The Wake Up packs quite a punch. The first track on How to Destroy Angels' debut album is also classic Trent Reznor: With its pounding bass, menacing synths, distorted vocals and sub-dubstep hook, it could have come off The Downward Spiral.
So it's a shame the rest of Welcome Oblivion can't live up to that promise. Previous EPs from Angels - fronted by Reznor's wife Mariqueen Maandig - showed plenty of style, like 90s-era Massive Attack fed through Reznor's industrial meat grinder.
Here, the focus is more on moody instrumentals: Keep It Together and The Loop Closes sound like offcuts from Nine Inch Nails' instrumental Ghosts sessions; On the Wing is five minutes of electro glitches that never really go anywhere, and Recursive Self-Improvement is a pointless interlude.
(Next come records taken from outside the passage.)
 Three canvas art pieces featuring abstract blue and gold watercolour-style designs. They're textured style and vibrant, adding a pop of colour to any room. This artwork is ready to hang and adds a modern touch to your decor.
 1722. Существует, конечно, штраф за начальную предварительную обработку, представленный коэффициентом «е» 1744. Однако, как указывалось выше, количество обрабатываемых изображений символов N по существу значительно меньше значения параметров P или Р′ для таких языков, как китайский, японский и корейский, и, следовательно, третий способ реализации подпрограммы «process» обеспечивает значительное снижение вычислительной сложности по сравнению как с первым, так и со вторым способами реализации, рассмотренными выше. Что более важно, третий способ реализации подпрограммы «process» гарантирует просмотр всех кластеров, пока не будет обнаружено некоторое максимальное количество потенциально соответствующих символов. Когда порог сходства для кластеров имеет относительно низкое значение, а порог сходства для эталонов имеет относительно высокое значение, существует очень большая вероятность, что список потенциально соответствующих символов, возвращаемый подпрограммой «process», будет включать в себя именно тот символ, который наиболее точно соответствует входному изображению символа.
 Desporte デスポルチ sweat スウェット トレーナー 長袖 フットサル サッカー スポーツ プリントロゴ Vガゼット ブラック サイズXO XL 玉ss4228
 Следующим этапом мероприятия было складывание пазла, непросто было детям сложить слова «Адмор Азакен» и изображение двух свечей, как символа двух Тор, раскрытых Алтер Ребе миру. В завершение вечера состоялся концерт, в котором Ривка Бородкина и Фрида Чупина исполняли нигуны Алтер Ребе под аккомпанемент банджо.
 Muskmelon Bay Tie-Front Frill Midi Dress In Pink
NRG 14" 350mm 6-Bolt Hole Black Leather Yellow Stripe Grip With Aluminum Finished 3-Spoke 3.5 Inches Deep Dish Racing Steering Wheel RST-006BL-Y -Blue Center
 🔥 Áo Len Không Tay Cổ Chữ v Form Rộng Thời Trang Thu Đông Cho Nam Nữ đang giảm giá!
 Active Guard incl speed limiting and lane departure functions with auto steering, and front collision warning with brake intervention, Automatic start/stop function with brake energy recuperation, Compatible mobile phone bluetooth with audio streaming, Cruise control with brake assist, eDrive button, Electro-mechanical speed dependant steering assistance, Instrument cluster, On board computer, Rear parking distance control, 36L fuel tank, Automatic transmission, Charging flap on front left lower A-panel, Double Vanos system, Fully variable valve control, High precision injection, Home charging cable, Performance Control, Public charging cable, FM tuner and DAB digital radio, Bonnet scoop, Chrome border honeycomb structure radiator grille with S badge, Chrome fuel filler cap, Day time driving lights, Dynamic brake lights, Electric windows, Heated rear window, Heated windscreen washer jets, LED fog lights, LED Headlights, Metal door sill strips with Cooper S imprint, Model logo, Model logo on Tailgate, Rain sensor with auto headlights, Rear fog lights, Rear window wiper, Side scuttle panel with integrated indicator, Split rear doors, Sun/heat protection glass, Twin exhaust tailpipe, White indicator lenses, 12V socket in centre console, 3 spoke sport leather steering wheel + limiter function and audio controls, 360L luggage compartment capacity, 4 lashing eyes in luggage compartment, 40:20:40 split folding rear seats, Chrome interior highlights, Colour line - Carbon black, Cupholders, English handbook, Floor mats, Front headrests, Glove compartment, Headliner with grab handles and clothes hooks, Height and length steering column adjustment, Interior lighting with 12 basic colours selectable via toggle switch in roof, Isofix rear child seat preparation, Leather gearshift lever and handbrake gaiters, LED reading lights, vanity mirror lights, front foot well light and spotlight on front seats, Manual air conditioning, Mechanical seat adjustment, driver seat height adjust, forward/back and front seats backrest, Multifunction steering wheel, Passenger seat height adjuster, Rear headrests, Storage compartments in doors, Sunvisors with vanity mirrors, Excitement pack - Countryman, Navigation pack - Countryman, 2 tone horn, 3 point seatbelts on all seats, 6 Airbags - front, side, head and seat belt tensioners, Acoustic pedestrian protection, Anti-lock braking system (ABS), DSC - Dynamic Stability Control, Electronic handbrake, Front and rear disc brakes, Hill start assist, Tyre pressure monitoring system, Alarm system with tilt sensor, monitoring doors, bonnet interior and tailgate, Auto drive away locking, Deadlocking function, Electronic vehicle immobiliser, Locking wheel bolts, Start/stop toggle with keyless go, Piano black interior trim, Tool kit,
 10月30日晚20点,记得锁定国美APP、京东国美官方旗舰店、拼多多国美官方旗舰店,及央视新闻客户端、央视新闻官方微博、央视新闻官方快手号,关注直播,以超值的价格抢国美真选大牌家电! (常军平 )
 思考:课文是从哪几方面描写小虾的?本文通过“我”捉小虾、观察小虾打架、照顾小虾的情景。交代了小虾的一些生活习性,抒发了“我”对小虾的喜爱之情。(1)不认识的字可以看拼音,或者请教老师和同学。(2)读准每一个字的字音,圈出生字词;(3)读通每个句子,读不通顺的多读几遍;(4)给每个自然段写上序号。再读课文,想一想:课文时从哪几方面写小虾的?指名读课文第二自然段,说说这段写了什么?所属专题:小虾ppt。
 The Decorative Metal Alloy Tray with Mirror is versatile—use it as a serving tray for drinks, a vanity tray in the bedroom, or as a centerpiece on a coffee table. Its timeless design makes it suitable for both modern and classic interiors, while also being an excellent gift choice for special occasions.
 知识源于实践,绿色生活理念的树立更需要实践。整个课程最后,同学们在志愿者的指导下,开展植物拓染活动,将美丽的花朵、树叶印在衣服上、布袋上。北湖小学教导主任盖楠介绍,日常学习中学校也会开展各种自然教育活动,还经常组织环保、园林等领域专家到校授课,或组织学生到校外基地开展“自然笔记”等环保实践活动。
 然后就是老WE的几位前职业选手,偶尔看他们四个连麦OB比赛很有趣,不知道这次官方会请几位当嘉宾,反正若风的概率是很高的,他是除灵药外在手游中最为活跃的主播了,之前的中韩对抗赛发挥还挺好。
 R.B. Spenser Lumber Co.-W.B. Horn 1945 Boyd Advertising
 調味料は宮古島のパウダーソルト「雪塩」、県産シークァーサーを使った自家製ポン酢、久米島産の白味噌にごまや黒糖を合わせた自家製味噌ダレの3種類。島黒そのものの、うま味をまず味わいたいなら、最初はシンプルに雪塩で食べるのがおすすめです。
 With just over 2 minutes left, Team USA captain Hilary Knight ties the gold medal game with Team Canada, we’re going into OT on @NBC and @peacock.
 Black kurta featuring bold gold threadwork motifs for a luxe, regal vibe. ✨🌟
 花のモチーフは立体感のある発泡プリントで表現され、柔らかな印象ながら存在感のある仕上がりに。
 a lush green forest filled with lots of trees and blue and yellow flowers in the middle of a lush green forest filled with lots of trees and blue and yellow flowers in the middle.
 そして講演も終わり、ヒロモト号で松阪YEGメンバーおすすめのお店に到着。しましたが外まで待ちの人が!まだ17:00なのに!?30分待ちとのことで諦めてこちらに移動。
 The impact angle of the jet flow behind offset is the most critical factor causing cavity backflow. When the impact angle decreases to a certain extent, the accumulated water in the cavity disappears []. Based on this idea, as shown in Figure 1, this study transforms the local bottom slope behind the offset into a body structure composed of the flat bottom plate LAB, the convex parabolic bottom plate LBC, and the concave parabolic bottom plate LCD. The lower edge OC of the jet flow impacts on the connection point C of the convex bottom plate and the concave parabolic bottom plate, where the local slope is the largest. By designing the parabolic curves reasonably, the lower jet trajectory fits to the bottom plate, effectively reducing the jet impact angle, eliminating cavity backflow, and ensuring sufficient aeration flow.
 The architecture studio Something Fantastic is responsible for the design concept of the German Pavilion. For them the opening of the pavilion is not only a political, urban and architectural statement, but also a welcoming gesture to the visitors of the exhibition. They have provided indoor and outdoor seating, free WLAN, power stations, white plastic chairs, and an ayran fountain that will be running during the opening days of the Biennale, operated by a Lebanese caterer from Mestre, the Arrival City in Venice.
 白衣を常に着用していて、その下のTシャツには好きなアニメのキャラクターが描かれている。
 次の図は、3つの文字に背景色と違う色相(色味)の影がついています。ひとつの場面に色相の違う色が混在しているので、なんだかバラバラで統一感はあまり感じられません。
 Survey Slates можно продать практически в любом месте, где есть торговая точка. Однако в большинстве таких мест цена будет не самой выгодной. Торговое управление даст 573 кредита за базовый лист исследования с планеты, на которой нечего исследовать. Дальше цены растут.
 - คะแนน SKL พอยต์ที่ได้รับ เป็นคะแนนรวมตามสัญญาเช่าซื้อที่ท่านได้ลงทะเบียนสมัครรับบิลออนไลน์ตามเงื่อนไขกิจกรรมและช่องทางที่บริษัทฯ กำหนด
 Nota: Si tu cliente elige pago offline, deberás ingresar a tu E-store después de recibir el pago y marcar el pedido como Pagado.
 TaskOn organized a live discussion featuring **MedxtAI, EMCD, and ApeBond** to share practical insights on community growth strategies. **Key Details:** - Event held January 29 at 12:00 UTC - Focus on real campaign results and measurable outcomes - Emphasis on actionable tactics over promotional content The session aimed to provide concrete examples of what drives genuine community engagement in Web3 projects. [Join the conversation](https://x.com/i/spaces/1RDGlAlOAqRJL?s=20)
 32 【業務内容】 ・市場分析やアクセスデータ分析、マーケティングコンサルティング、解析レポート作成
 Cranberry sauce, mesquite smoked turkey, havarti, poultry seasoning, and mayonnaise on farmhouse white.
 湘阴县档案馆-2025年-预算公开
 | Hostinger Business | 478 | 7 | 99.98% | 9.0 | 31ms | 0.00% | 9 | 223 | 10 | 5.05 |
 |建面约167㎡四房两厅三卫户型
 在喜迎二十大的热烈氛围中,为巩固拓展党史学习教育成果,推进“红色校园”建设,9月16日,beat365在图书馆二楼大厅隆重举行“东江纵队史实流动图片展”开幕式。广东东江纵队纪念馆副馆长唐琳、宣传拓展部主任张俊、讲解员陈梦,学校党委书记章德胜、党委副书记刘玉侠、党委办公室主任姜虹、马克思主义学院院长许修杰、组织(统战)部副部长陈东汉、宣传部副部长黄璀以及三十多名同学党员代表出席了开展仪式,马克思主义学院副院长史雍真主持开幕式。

And with its tortured vocals and warped guitars, the title track is simply an updated version of NIN's The Wretched for 2013.
It's better when Angels stick to traditional song structures: Ice Age's plucked guitar hook and whispered vocals is perfect simplicity, the throbbing electronica of How Long? sounds like the best song SBTRKT never made, and The Loop Closes finds real fury.
The problem is, Reznor's been here before, and he's done it better - a point proved when, just a week before Welcome Oblivion was released, he announced the resurrection of Nine Inch Nails. Good idea.